Abstract:
A generally cylindrical shaped unitary body container is adapted to hold a spare vehicle tire. The container is compatible with a vehicle cable retraction system and has at least one aperture through which a horizontal member at the cable terminus supports the container. The vehicle spare tire container has ribs for structural support, fluid tight seals, a protruding handle, and locking mechanisms. The container creates a safer design for spare tire changing, as well as eliminating the need for suspending the tire from the tire rim, hence using fewer components and a more economical design.

Description:
FIELD OF THE INVENTION 
     The present invention relates to a vehicle storage container, and more particularly to a spare tire container for undercarriage storage of a vehicle tire on a vehicle. 
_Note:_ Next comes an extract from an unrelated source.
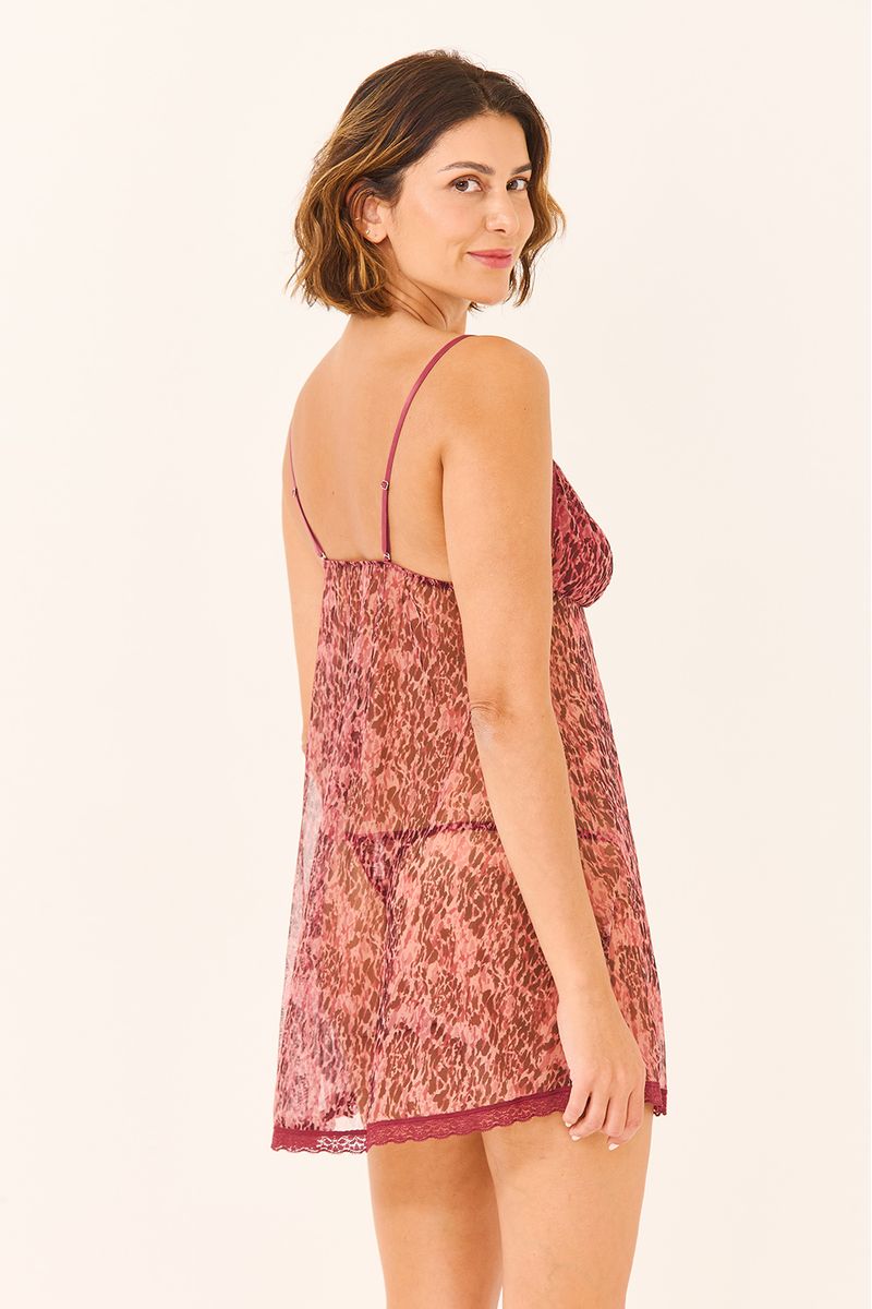 Camisola delicada em tule transparente com detalhes em renda, na estampa Camaleão. Modelagem leve e fluida que envolve o corpo com conforto e sofisticação. Alças finas ajustáveis e acabamento refinado, perfeita para momentos de autocuidado com um toque sensual e elegante.

     BACKGROUND OF THE INVENTION 
     A wheel is a pneumatic tire mounted to a rim, the entire assembly referred to generally as tire hereinafter. The placement and mechanism for storage of spare tires has evolved through time based upon the vehicle type and areas available for storage. Larger vehicles, such as pick up trucks or sport utility vehicles, have encountered difficulty in storing spare tires due to the lack of a trunk compartment. In other vehicles with trunks, the spare tire has been stored within the compartment in a reservoir, protecting it both from the elements and the threat of theft. One of the more conventional methods of storing the spare tire on larger vehicles has been attached to the undercarriage beneath the vehicle chassis. 
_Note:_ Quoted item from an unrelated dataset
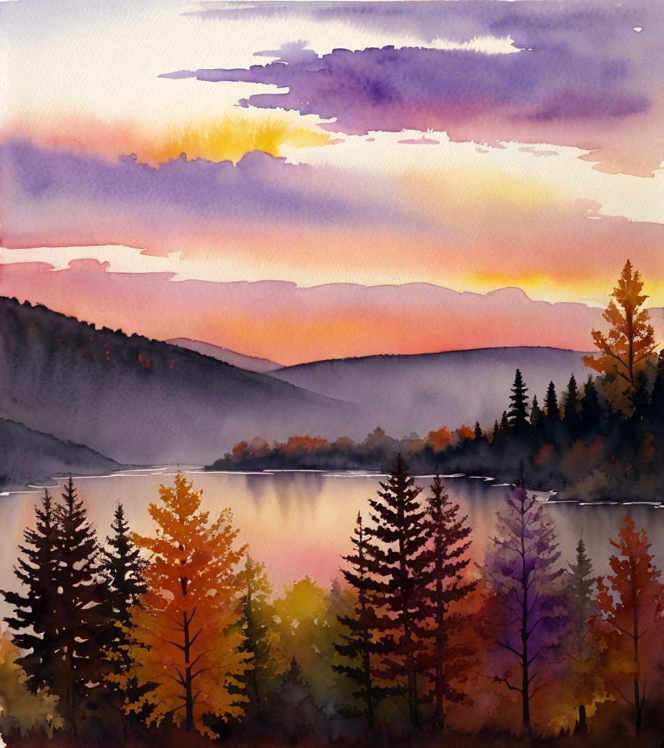 Vivid Watercolor Painting: Serene Lake Sunset with Autumn Foliage

     Inclement weather conditions can cause corrosion of the spare tire components, making it extremely difficult to remove the nuts, bolts, and other components holding the tire in place. The process of changing the spare tire can be dirty, time consuming, tedious, and ultimately dangerous for the vehicle operator. Various ideas have been implemented to encase the tire to prevent it from being exposed to weather conditions. All of these systems have suspended the spare tire through the tire rim, and attached the rim to the car body through either a cable or fixed mount. The spare tire is then encased by a cover that is either attached directly to the vehicle or attached to a plate that is mounted on the chassis. The known spare tire covers generally include a significant number of components and seals around the tire enclosure, enhancing the opportunity for moisture penetration. 
     By way of example, a U.S. Pat. No. 5,669,534 to Edgerley, discloses an undercarriage mounting for a spare tire. The spare tire is hoisted in position by a conventional lifting mechanism involving a lug at the end of the cable. The supporting framework is mounted to the vehicle body. A threaded stud projects downwardly from the lug to extend through an aperture in the bottom surface of a cup-shaped housing. A threaded nut tightens the housing against a panel mounted on the framework on the underside of the vehicle body, thereby, the spare tire is protected from the elements. The perceived drawbacks of this design are that it requires the operator to lie beneath the vehicle in order to release the spare tire cover to remove the multiple independent components. 
     A U.S. Pat. No. 5,823,413 to Seltz, also discloses an undercarriage container for a spare tire. The container is adapted to be fastened to an underside of a vehicle such that the planar member is adjacent to the underside of the vehicle. A seal is adapted to be positioned between the substantially planar member and the underside of the vehicle. The planar member contains an aperture for the protruding vertical member extending from the vehicle underside. The tire is mounted to the vehicle underside by attaching bolts beneath the underside of the rim to the vertical member. This supports the tire in position. A cover is attached by placing it over the tire and fastening two elastic straps. A drawback to this design is that it also requires the operator to be submerged beneath the vehicle creating a dangerous situation. The operator must remove the fastening straps, and then remove additional bolted components to finally release the spare tire. 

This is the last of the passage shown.